### The problem
First find the line with "Unzählige verschiedene Farben sind lieferbar" in the entries below, then set down exactly every line through the line with "ସୁରକ୍ଷା କର୍ମୀମାନେ ସିଡିଏମ୍‌ଓଙ୍କୁ", that line included.

___ Recorded information

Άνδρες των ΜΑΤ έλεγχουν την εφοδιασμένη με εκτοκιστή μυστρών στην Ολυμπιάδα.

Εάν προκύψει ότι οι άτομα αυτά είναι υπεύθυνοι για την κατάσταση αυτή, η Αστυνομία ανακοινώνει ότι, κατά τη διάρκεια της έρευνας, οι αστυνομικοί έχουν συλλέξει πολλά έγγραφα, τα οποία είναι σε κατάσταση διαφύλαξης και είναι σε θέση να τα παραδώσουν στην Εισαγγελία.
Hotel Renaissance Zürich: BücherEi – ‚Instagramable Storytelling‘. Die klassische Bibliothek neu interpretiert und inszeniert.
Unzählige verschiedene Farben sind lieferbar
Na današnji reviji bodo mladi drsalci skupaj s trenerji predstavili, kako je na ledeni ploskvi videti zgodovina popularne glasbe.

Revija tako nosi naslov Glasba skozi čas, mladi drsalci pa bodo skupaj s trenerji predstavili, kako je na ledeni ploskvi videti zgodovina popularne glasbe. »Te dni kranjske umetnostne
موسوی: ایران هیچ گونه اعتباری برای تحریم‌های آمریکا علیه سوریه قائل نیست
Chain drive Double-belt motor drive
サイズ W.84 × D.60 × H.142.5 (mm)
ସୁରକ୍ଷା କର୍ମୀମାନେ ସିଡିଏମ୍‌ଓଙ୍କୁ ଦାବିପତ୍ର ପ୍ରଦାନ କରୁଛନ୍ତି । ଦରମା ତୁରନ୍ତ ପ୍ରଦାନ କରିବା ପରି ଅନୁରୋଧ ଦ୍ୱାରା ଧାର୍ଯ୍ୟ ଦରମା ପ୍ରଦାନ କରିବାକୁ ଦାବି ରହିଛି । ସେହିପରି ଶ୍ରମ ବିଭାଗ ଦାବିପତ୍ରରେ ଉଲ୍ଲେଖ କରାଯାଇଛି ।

______
___ Recorded information

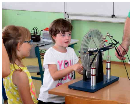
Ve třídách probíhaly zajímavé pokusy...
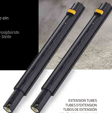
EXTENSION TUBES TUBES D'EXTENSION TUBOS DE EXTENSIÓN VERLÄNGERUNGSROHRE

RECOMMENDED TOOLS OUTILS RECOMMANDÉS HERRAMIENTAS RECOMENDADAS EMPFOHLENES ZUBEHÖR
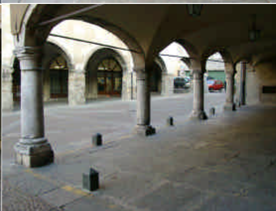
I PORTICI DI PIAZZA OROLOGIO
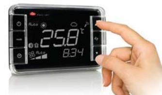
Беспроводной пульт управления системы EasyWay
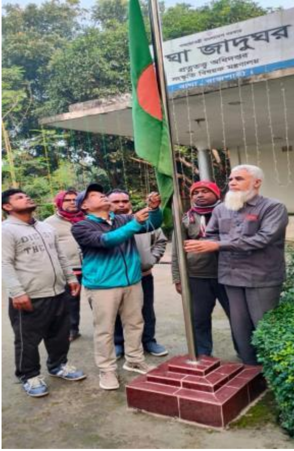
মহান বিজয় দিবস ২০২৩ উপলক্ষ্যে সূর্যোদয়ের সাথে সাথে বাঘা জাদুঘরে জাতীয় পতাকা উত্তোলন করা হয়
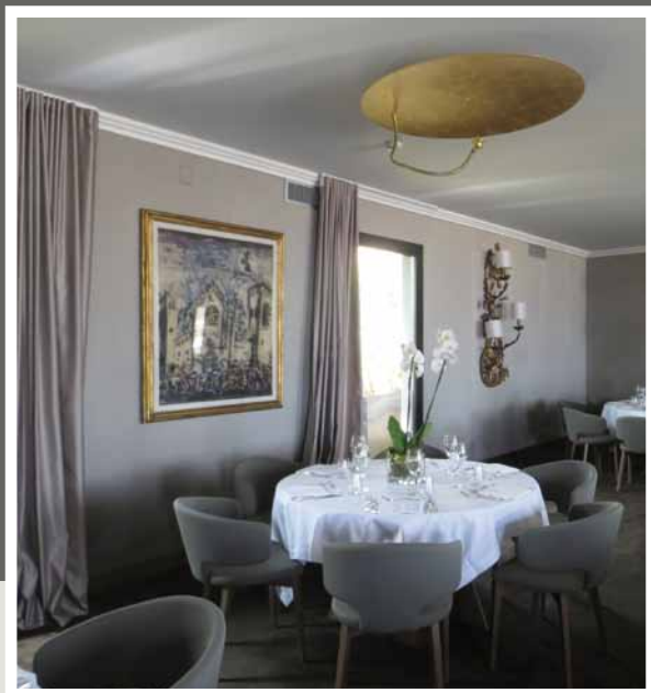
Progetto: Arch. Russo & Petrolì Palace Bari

______
___ Recorded information

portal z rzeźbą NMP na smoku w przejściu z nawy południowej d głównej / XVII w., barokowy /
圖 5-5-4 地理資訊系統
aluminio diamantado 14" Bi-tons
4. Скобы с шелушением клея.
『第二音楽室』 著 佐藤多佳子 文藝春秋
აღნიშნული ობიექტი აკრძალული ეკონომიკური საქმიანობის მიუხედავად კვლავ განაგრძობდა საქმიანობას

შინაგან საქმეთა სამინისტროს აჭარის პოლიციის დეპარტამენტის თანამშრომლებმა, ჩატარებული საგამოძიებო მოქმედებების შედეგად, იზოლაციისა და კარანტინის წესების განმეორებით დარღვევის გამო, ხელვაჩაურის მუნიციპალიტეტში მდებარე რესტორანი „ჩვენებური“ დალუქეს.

______

### Result of the task
Unzählige verschiedene Farben sind lieferbar
Na današnji reviji bodo mladi drsalci skupaj s trenerji predstavili, kako je na ledeni ploskvi videti zgodovina popularne glasbe.

Revija tako nosi naslov Glasba skozi čas, mladi drsalci pa bodo skupaj s trenerji predstavili, kako je na ledeni ploskvi videti zgodovina popularne glasbe. »Te dni kranjske umetnostne
موسوی: ایران هیچ گونه اعتباری برای تحریم‌های آمریکا علیه سوریه قائل نیست
Chain drive Double-belt motor drive
サイズ W.84 × D.60 × H.142.5 (mm)
ସୁରକ୍ଷା କର୍ମୀମାନେ ସିଡିଏମ୍‌ଓଙ୍କୁ ଦାବିପତ୍ର ପ୍ରଦାନ କରୁଛନ୍ତି । ଦରମା ତୁରନ୍ତ ପ୍ରଦାନ କରିବା ପରି ଅନୁରୋଧ ଦ୍ୱାରା ଧାର୍ଯ୍ୟ ଦରମା ପ୍ରଦାନ କରିବାକୁ ଦାବି ରହିଛି । ସେହିପରି ଶ୍ରମ ବିଭାଗ ଦାବିପତ୍ରରେ ଉଲ୍ଲେଖ କରାଯାଇଛି ।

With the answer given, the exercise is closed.